Laboratório Criar (em formação) – CIEN-SP - Eduardo Vallejos O Centro Interdisciplinar de Estudos sobre…
Construções Adolescentes
Virgínia Carvalho
Freud indica a “construção” como uma estratégia para lidarmos com o que a palavra não é capaz de dizer. Ele evoca o trabalho do arqueólogo que precisa reconstruir culturas e sociedades antigas unindo os vestígios materiais que encontra. Diante de peças soltas, inventa uma coerência para que elas constituam um todo.
A saída da infância, demarcada pela chegada da puberdade – encontro com um “novo real”, desestabiliza a coerência que a criança havia conquistado para se arranjar com suas peças soltas infantis. São as “transformações da puberdade”, como diz Freud (1905/1996) em seus Três Ensaios sobre a Teoria da Sexualidade, que demandam do sujeito um modo diferente de lidar com a libido, de se reposicionar frente à diferença sexual e se reencontrar com o objeto sexual.
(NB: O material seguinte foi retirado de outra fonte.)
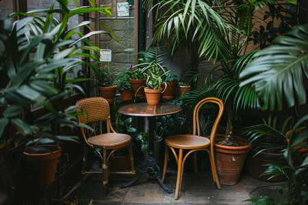 A couple of chairs placed alongside a table in a cozy nook, A cozy nook tucked away in a corner, complete with a small table and chairs surrounded by potted plants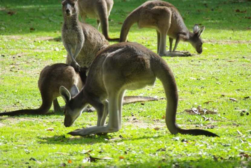 Восточный серый кенгуру — легендарное сумчатое млекопитающее. Они живут в восточной Австралии группами по 10 и более особей на расстоянии до 5 км.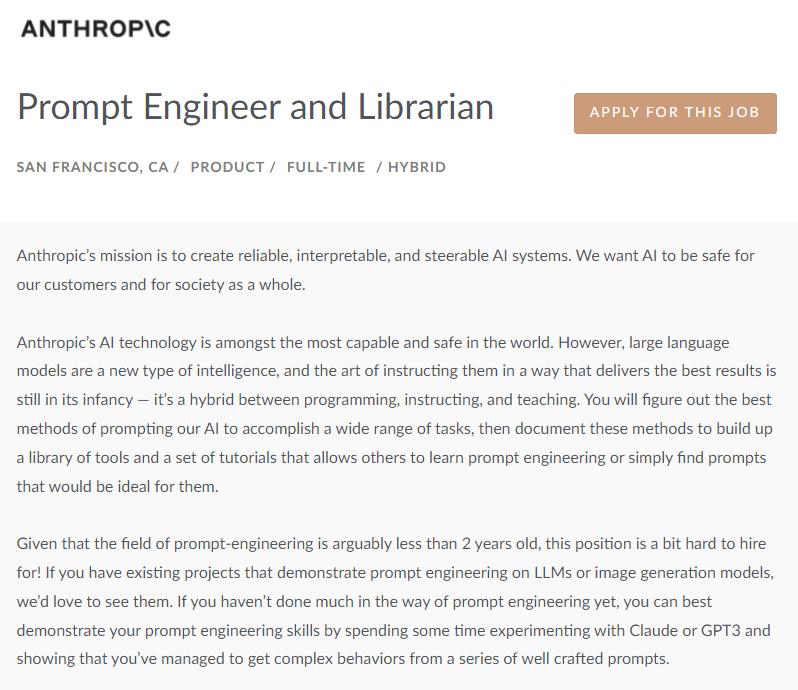 《每日经济新闻》记者注意到,已经有公司开出17万~33万美元的年薪来招聘提示工程师。招聘的公司正是OpenAI前研究副总裁自立门户的公司Anthropic。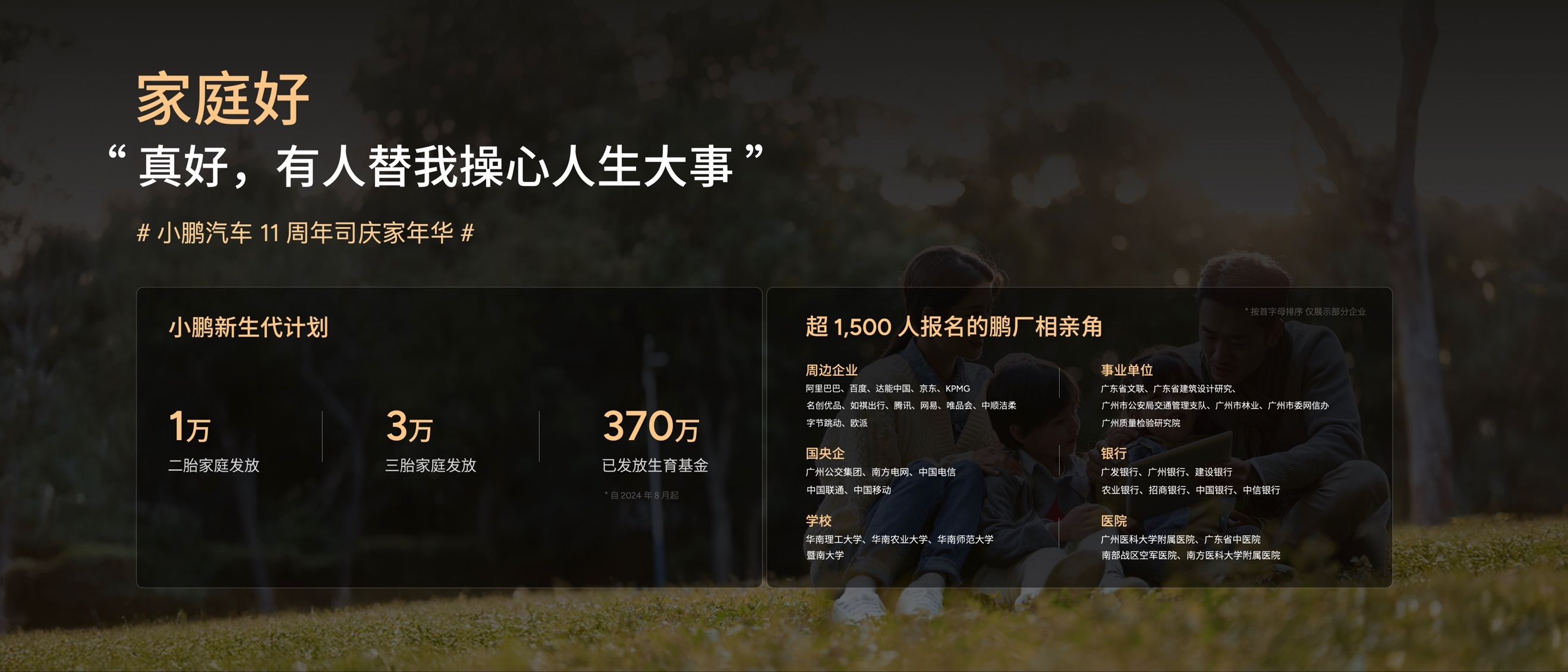 很多人觉得大厂没有“人情味”?这次窝鹏用行动发声了。11周年庆小鹏在广州新总部举办了首届家庭日,还挺热闹的。这是小鹏汽车成立以来规模最大的一次家庭日活动,同时也是新总部首次向员工家属开放参观。除了现场的美食、音乐、科技活动,小鹏在员工福祉和家庭关怀方面公布了“六好理念”:“吃好、身体好、学习好、家庭好、福利好、氛围好”,听起来挺接地气的。具体的落地上,小鹏已经累计发放超370万生育基金,另外对青年人才也有针对性的扶持,也就是说,从工作到家庭,小鹏都考虑到了。小鹏已向员工发放370万生育基金何小鹏家庭日化身相亲角月老为员工支招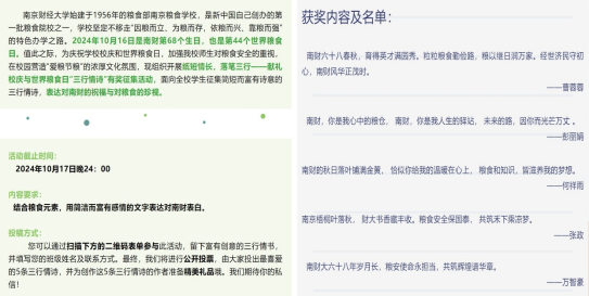 活动期间,太阳成集团122ccvip通过公众号等新媒体面向全校征集爱粮节粮三行情诗,最终选定5首情诗于公众号推送,表达对母校68岁生日的祝福,有效营造了“爱粮节粮”的文化氛围。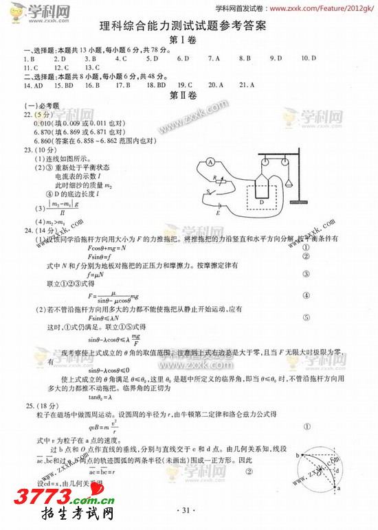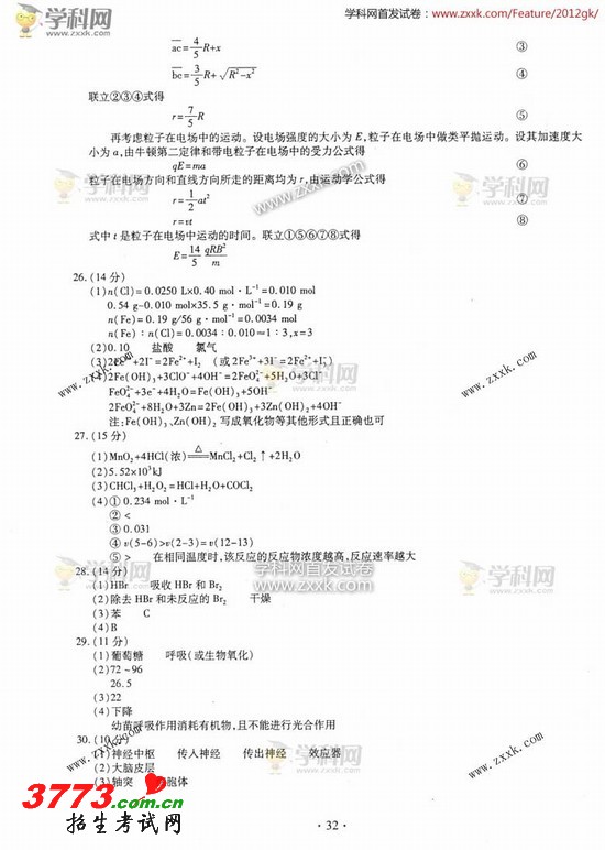 2012年辽宁高校招生考试新课标全国卷理综(word)

Na puberdade, como esclarece Lacan (1974/2003), o sujeito está às voltas com o despertar de seus sonhos. E, nesse momento, em que estão explícitos os limites da linguagem, pois a sexualidade faz furo no real, a adolescência vai sendo construída a partir dos recursos que cada um encontra para rearranjar o que se desestabiliza nesse encontro.
Mas, em tempos de “mutações da ordem simbólica” (MILLER, 2014), em que o saber está no bolso, como os jovens tem encontrado coerência para enodar suas peças soltas? E os profissionais concernidos, de que modo tem intervindo diante de construções devastadoras ou mortíferas?
Marina Saleme, Garotas (as descabeladas), 2013
Vivemos no “império das imagens”, onde há uma “difusão maciça” do pornô, do coito exibido a um clique, do “nude” compartilhado pelo telefone entre os jovens. Quais os efeitos dessa mostração dos corpos e do sexo nessas construções realizadas pelos adolescentes?
Jacques Allain Miller (2015) localiza que para pensarmos a adolescência na psicanálise, convém nos ocuparmos de três pontos: a saída da infância, a diferença dos sexos e a antecipação da posição do adulto na criança.
Nesses tempos de “império das imagens”, o que tem demarcado a saída da infância? Teria se antecipado em relação à época de Freud?
E a diferença dos sexos? Como essa questão e seus desdobramentos se apresentam para os jovens nesse tempo em que aumentam as ofertas da tecnociência para transformar a anatomia? Além disso, tem a pluralidade de gêneros interferido no modo desses adolescentes se posicionarem na partilha sexual?
E no trabalho com a criança? Como a posição frente aos “mais inflamados tormentos da infância” antecipam a construção que se fará na adolescência?
Seguindo a trilha da provocação feita por Miller, essas e outras questões tem sido levantadas pelos Laboratórios do CIEN. A partir delas, parece-nos de grande importância tentarmos localizar, nas atividades do CIEN, essa dimensão de construção que a adolescência comporta.